Have you cleaned up the floor board and inspected around the mountings to make sure there is no mud, stones or other debris that would limit the travel of the controls? A little lubrication might be in order.

Have you followed the linkage from point to point to make sure it it not bent or contacting part of the machine or other component?

Next would be to verify the adjustment of the linkages.

Then check the hydraulic hoses for the entire circuit, for kinks, or crushed or kinked hoses and tubes, areas of deterioration. Visible Leaks?

Make sure and change the hydraulic filter.

Next in line would be a pressure test on the drive motors. You'll need the manual and some specialized tools for that.

I am sure I may have left out a few things, but this will get you started.


----------



## cexcavation (Apr 17, 2008)

TGEB pretty much nailed it. If both tracks are working and just not balanced, then you're more than likely looking at minimal issues as described. 
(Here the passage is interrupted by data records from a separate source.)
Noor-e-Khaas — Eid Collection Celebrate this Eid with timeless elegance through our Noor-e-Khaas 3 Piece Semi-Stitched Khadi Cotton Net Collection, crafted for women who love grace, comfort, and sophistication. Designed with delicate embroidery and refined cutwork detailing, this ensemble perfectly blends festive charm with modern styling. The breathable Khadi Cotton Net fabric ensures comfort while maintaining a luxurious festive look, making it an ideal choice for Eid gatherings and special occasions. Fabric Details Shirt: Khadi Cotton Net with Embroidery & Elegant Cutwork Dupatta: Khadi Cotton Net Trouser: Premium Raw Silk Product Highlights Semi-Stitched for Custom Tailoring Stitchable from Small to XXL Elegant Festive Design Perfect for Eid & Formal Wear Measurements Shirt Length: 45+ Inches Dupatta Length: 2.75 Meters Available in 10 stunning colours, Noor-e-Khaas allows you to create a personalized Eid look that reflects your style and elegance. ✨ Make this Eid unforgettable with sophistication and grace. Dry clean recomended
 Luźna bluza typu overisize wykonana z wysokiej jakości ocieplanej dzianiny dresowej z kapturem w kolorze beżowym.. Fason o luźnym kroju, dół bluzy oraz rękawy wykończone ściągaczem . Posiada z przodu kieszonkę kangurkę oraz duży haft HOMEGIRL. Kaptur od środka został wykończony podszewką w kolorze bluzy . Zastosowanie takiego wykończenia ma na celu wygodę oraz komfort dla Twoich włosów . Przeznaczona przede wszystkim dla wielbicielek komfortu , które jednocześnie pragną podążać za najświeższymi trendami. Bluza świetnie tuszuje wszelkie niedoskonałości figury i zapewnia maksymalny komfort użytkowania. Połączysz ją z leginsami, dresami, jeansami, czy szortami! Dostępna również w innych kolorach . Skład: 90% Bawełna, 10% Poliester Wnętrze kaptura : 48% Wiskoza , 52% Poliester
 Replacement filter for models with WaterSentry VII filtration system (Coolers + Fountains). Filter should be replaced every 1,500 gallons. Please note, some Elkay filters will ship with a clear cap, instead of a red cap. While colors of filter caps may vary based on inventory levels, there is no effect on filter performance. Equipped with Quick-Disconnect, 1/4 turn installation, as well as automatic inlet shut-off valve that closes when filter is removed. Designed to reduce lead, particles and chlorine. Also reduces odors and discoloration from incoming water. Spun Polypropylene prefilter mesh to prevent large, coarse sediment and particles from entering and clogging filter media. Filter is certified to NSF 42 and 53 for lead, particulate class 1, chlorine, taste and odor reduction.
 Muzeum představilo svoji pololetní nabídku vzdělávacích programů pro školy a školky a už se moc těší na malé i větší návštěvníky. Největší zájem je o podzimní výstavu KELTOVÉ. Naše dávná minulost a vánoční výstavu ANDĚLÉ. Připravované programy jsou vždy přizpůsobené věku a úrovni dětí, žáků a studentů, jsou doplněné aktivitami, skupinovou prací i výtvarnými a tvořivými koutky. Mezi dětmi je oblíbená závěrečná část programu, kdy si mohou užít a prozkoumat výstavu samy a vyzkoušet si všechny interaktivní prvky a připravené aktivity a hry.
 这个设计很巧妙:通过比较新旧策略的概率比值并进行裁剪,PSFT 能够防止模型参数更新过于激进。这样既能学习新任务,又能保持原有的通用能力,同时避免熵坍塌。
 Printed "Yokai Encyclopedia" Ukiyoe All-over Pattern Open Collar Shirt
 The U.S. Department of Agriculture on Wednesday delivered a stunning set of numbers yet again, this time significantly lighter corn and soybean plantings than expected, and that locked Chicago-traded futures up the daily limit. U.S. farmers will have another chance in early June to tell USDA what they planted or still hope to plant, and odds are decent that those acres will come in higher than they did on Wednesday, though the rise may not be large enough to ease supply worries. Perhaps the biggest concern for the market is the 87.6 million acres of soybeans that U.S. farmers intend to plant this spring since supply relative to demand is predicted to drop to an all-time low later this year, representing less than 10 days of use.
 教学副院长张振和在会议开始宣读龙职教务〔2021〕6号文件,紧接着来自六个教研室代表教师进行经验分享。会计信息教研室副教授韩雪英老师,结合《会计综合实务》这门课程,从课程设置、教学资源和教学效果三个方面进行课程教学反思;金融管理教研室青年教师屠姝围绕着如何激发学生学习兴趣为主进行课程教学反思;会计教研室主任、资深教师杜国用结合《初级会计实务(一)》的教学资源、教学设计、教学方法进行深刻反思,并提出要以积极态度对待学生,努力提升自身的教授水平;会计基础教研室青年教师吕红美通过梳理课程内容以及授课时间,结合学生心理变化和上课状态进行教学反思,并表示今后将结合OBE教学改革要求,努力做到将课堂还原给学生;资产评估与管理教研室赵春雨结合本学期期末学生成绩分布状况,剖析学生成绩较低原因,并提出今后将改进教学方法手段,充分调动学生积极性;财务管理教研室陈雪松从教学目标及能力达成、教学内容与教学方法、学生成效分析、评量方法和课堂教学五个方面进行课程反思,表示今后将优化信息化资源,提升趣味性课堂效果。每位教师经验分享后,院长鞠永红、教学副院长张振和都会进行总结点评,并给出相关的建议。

I once ran an old Insley that had a major seal out on the reverse side of one track and would blow oil everywhere if you tried to use it. I got very good at planning my routes so as to not have to turn that track in reverse........it was quite the deal. Glad it wasn't my machine cuz I would have gone broke trying to maintain it correctly. They just ran it that way and didn't seem to think it was worth fixing.


----------



## robin303 (Nov 15, 2009)

tgeb said:


> Well let's start with the simple things.
> 
> Have you cleaned up the floor board and inspected around the mountings to make sure there is no mud, stones or other debris that would limit the travel of the controls? A little lubrication might be in order.
> 
> ...


 
Damn tgeb, You would be a great helo crew chief and helo mechanic.:thumbsup:


----------



## tgeb (Feb 9, 2006)

Thanks Robin, I have fixed plenty of things but I don't think I am qualified to work on something that when it breaks......it falls out of the sky.

I'll leave that to you pros.


----------



## bansheeboy (Aug 9, 2008)

also if you can track down the hoses that supply the drives you can try swapping them left to right, if your problem changes sides then it's not the drive as was mentioned. if it stays with the original side then your kinda stuck with a rebuild of the drive...

that is if you have checked everything else and changed the filter...


----------